Наши беды начались давно, еще в 20 веке. В те канувшие в Лету дни множество и множество людей принадлежало к множеству и множеству на редкость бесполезных профессий – музыканты, художники, актеры и самые никчемные – писатели. Да, я и сам знаю, что теперь никого из их племени не осталось. Бумагой разжигали костры, чернила для ручек переделали в горючее, а по музам били, проверяя, не сбился ли приклад, и те роняли перья из крыльев, отчего снег хоть иногда, да падал белыми хлопьями, а не серой шрапнелью.
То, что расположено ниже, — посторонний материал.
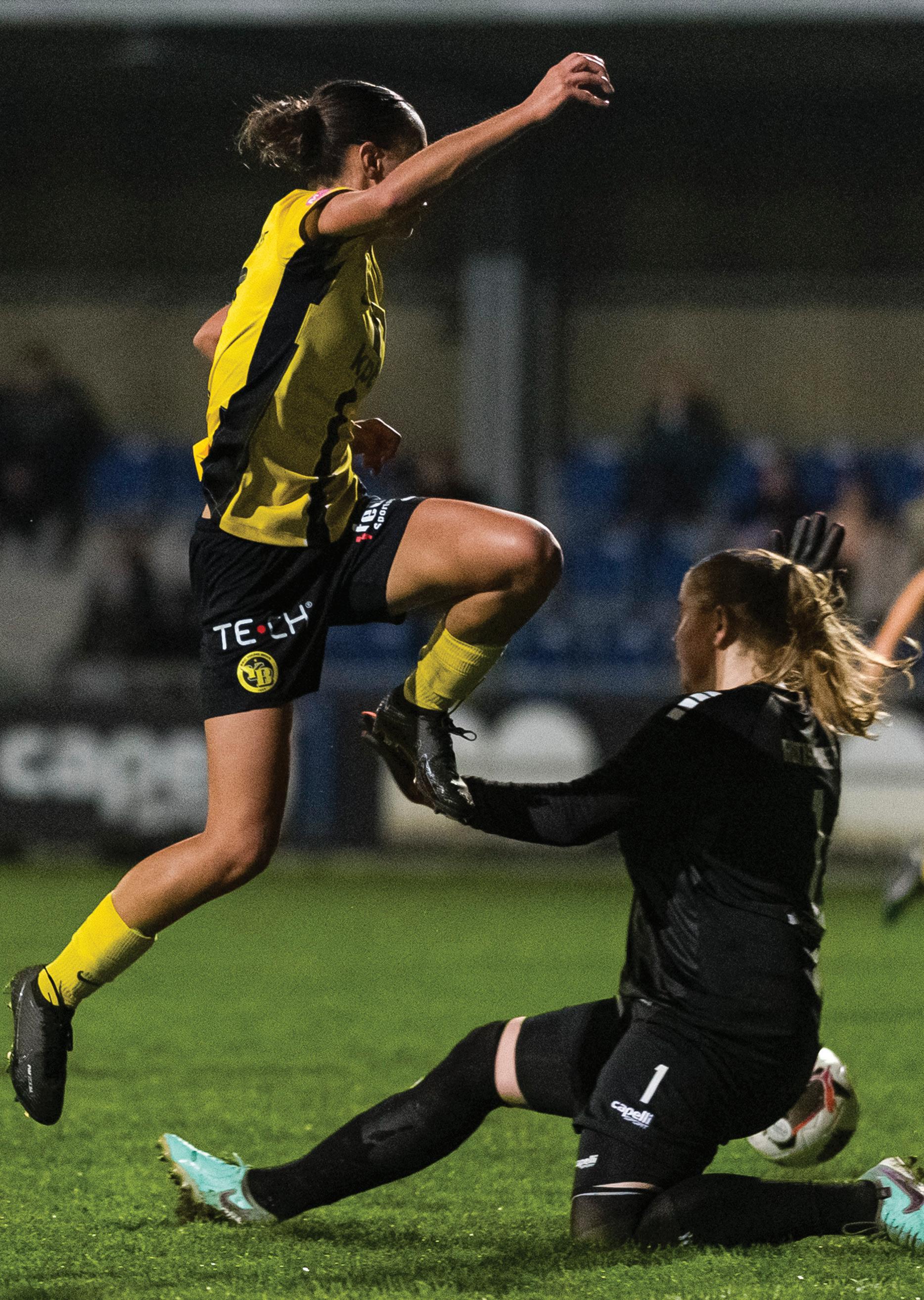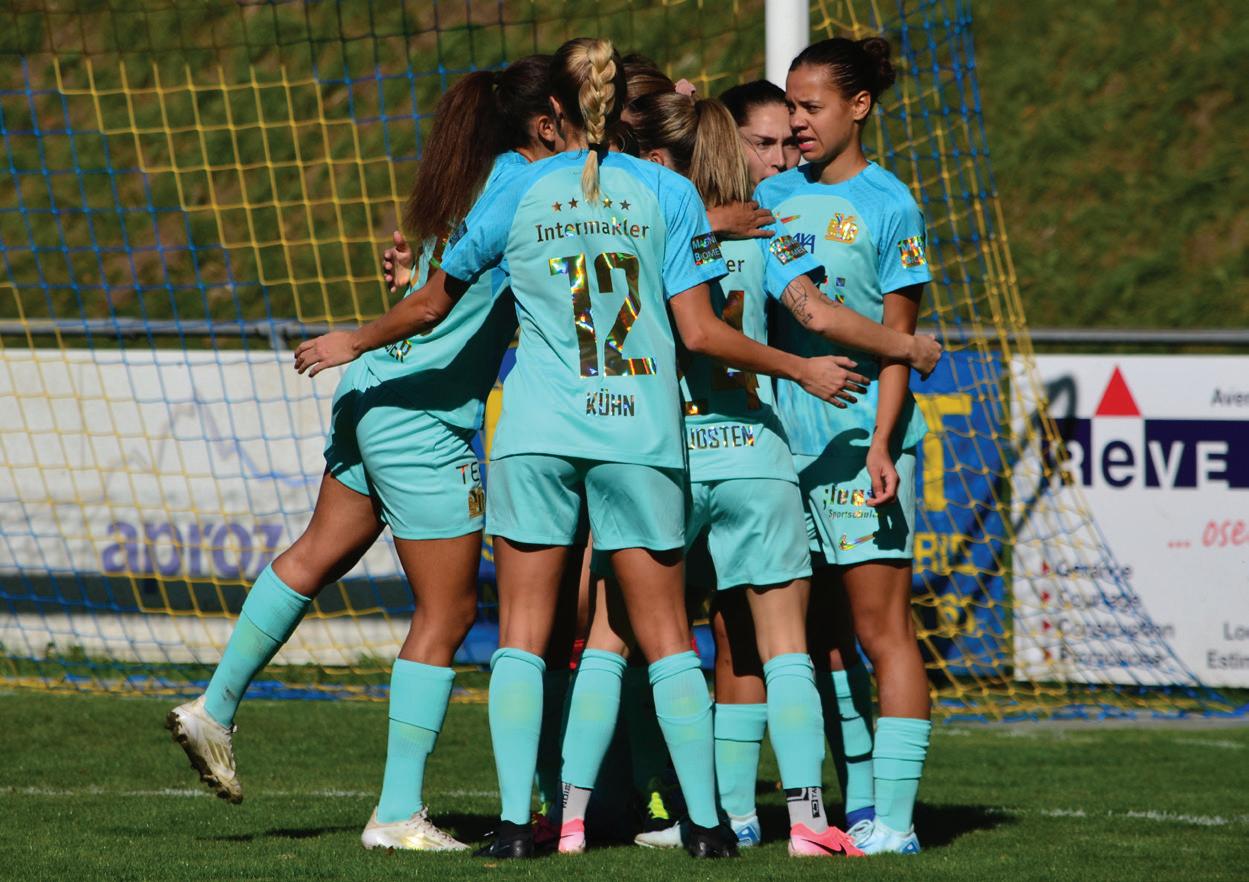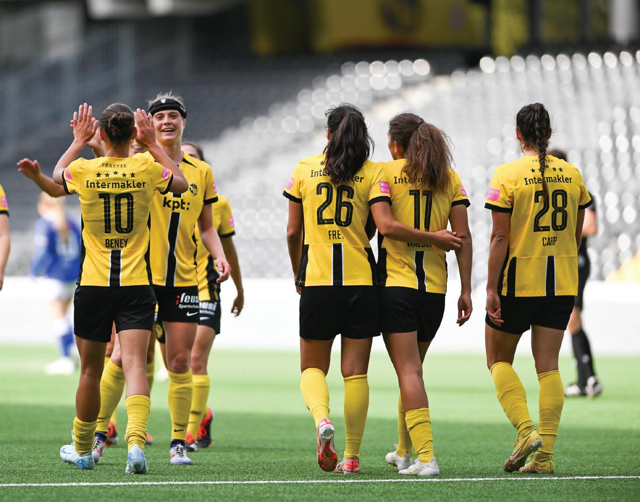 Die Euphorie im Berner Frauenfussball ist endgültig ausgebrochen. Acht Siege in Folge, sechs davon in der Meisterschaft, und mindestens drei Tore in jedem der letzten vier Meisterschaftsspiele. Die Bilanz spricht für sich. Mit dem 3:0-Auswärtssieg vor der Nati-Pause gegen die GC Frauen haben sich die Bernerinnen mit 19 Punkten aus neun Spielen an die Tabellenspitze gesetzt. Mit Naomi Luyet und ihren acht Meisterschaftstoren stellen die YB Frauen ausserdem auch die aktuelle Topscorerin der Liga. Und auch die Nati-Abstellungsperiode in der vergangenen Woche war für die Hauptstädterinnen durchaus erfolgreich. Mit Naomi Luyet und Iman Beney standen gleich zwei YB-Akteurinnen fürs Schweizer A-Nationalteam auf dem Platz. Luyet erzielte im Spiel gegen Frankreich das entscheidende 2:1 und damit auch ihr erstes Länderspieltor.

Возможно, если бы не один из них, известнейший фантаст, как говорили о нем, я и сейчас охотно читал бы книги, лежа на уютном диване, а не в окопе, наслаждался газетами в сухом свитере, а не в этой проплесневевшей робе, покуривая трубку с настоящим табаком, а не с этой мерзостной соломой. Так вот, этот… фантаст сочинил однажды весьма недурную вещицу, опять же по мнению современной ей критики, о том, что живет де, да не тужит в галактике одна раса, всем хорошая, только с одним изъяном – «тупее их во все стороны от западной вселенной не сыщешь», вот так, ни больше ни меньше. Если бы он заодно придумал, что раса эта принадлежит к Цензорам по реестру галактических должностей, тому же, по которому мы относимся к рабам, разрабатывающим какие-то там рудники, и в обязанности ей вменен присмотр за нашей творческой деятельностью с правом уничтожения, как творения, так и творца, ни за что не стал бы оглашать публично столь категоричных суждений. А ведь это все правда. Из известного. Зачем вражеский писатель Николай Гоголь сжег второй том своих «Мертвых душ»? Им что-то не понравилось, только и всего. Так вот, когда они ознакомились с данным утверждением, на самого автора внезапно упал викторианский балкон его же собственного дома, когда он ключом открывал дверь, а на орбите зависли корабли их войска. По несчастному стечению обстоятельств, этот гений пера жил в нашей не слишком многострадальной стране, Боже храни Америку, а вернее то, что от нее осталось. В один миг от половины городов остались руины, а статуя Свободы, перед тем, как почить в Атлантическом океане, выкинула белый флаг. Подавление инакомыслия, так, кажется, они назвали они свой рейд. По крайней мере, именно так перевели спецы по радиосвязи. Наши извечные враги, успевшие из красных стать сине-бело-красными, не преминули воспользоваться положением и ввели до кучи и свои войска. А может, мы объявили им войну еще до рейда, теперь никто уже не знает, а мы всегда помним то, что нам приказывают забыть. С тех пор все писатели, а также на крайний случай прочие творцы, и я вместе с ними оказались в окопах, благо их и рыть не пришлось, вся земля была в воронках – постарались наши галактические братья.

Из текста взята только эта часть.